* AIM OF THE TASK: A faithful copy without images is required: write out all the records exactly.

[Excerpts from a dataset]
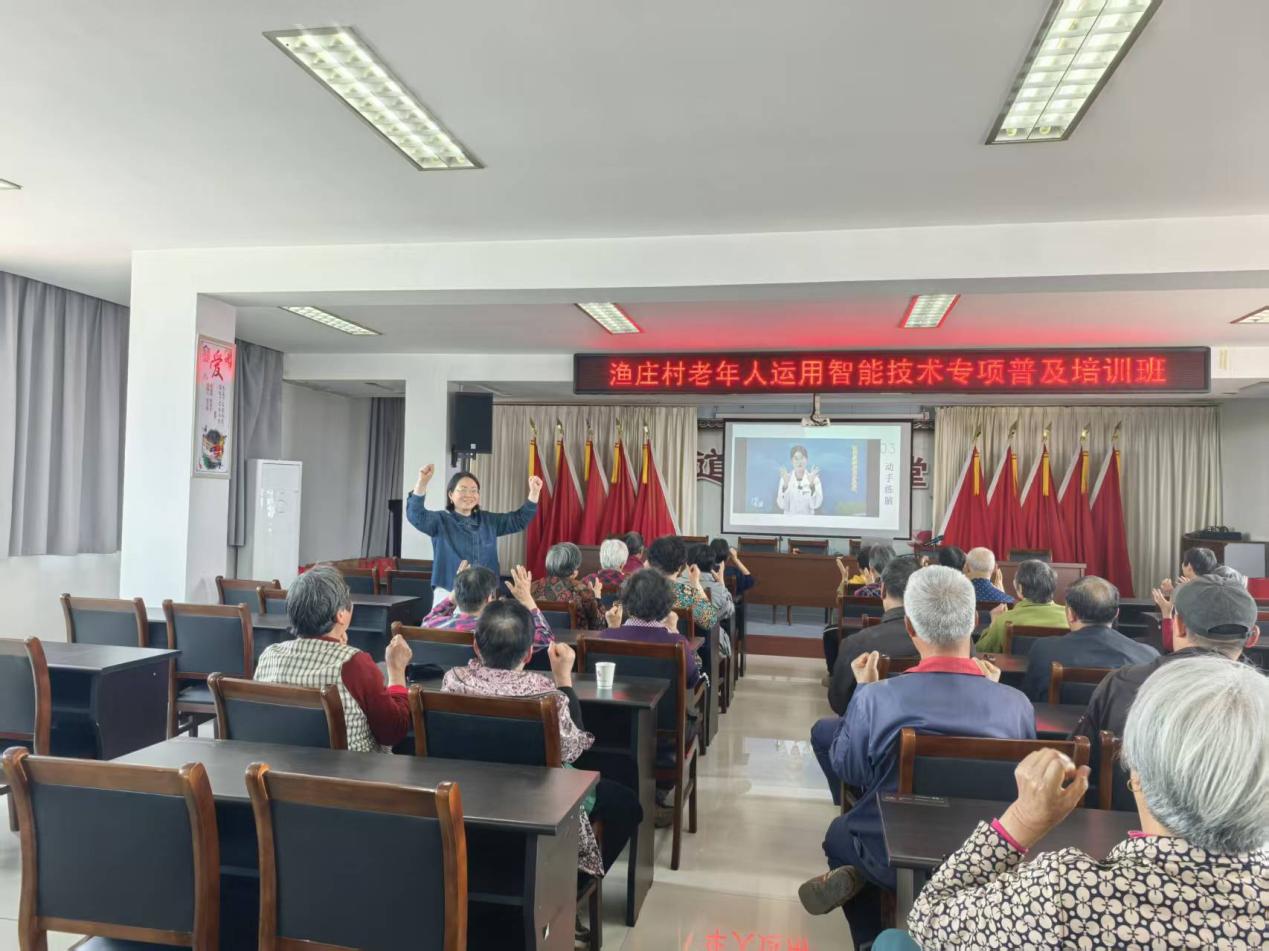 本次渔庄村培训中,孟亚俐副教授以生动互动的方式,指导老人用AI工具“豆包”一键解读体检报告,化医学指标为易懂信息;结合真实案例拆解AI换脸、语音诈骗等手法,传授防范技巧;并带领全场老人学做手指操,预防认知衰退。现场气氛热烈,老人积极实操,在轻松氛围中掌握智能技能与反诈知识,真正实现“科技有温度,助老零距离”。2024年以来,工作室团队连续三年为遥观镇20个行政村提供“智慧助老”送教上门。第一年以“故事+实操”模式推出《智慧就医》课程,教老人线上挂号、查报告;第二年将预防老年痴呆知识与微信手指操相结合,助力健脑与智能操作同步提升;第三年聚焦“体检报告看不懂、AI诈骗难防范”,创新推出“AI防诈+豆包解读报告+手指操”融合课程,实现健康守护、科技赋能、反诈护航全覆盖。
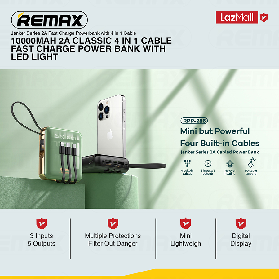 [Remax Energy] RPP-286 10000mAH 2A Classic Mini Lightweight Fast Charge Power Bank With LED Flash Light + 4 In 1 Cable
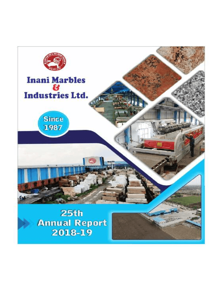 25th Annual Report INANE MARBLES & INDUSTRIES LTD. IN NO. L14101RJ1994PLC008930 ANNUAL REPORT 2018 19 Board of Directors Capt. Suresh Kumar Inane, Sari Mahesh Kumar Inane Sari Dinesh Kumar Inane,
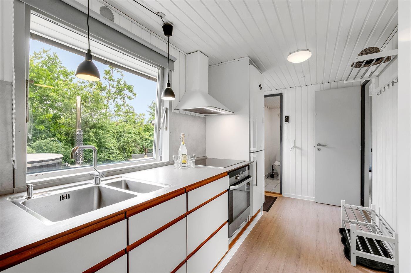 Køkkenet er udstyret med 1 køleskab. Der er 4 induktionskogeplader, varmluftovn, mikrobølgeovn samt opvaskemaskine.
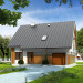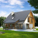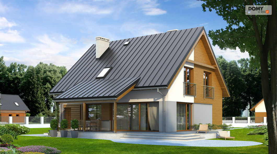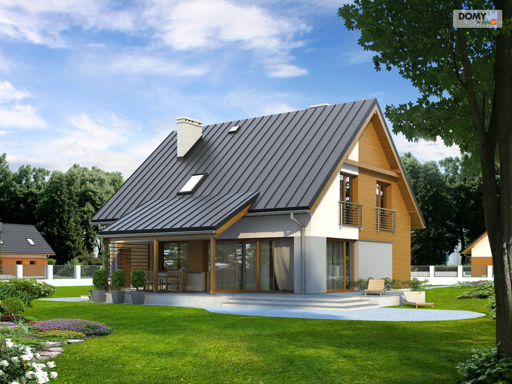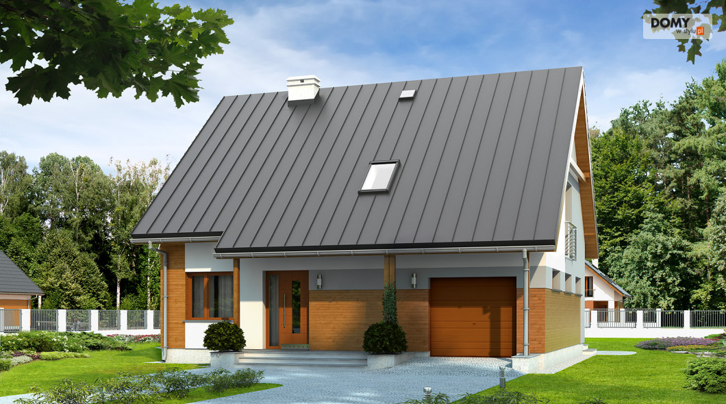 Wygodny dom dla 4 – 5-osobowej rodziny.  Zlokalizowana na parterze część dzienna mieści w sobie przestronny pokój dzienny, jadalnię, kuchnię i gabinet, dodatkowo są tu: łazienka, duża kotłownia i jednostanowiskowy garaż.  Na poddaszu znajdują się trzy obszerne sypialnie, łazienka, wc i garderoba.  Prosta bryła z dwuspadowym dachem i zadaszonym tarasem.

* REPLY TO THE TASK:
 本次渔庄村培训中,孟亚俐副教授以生动互动的方式,指导老人用AI工具“豆包”一键解读体检报告,化医学指标为易懂信息;结合真实案例拆解AI换脸、语音诈骗等手法,传授防范技巧;并带领全场老人学做手指操,预防认知衰退。现场气氛热烈,老人积极实操,在轻松氛围中掌握智能技能与反诈知识,真正实现“科技有温度,助老零距离”。2024年以来,工作室团队连续三年为遥观镇20个行政村提供“智慧助老”送教上门。第一年以“故事+实操”模式推出《智慧就医》课程,教老人线上挂号、查报告;第二年将预防老年痴呆知识与微信手指操相结合,助力健脑与智能操作同步提升;第三年聚焦“体检报告看不懂、AI诈骗难防范”,创新推出“AI防诈+豆包解读报告+手指操”融合课程,实现健康守护、科技赋能、反诈护航全覆盖。
 [Remax Energy] RPP-286 10000mAH 2A Classic Mini Lightweight Fast Charge Power Bank With LED Flash Light + 4 In 1 Cable
 25th Annual Report INANE MARBLES & INDUSTRIES LTD. IN NO. L14101RJ1994PLC008930 ANNUAL REPORT 2018 19 Board of Directors Capt. Suresh Kumar Inane, Sari Mahesh Kumar Inane Sari Dinesh Kumar Inane,
 Køkkenet er udstyret med 1 køleskab. Der er 4 induktionskogeplader, varmluftovn, mikrobølgeovn samt opvaskemaskine.
 Wygodny dom dla 4 – 5-osobowej rodziny.  Zlokalizowana na parterze część dzienna mieści w sobie przestronny pokój dzienny, jadalnię, kuchnię i gabinet, dodatkowo są tu: łazienka, duża kotłownia i jednostanowiskowy garaż.  Na poddaszu znajdują się trzy obszerne sypialnie, łazienka, wc i garderoba.  Prosta bryła z dwuspadowym dachem i zadaszonym tarasem.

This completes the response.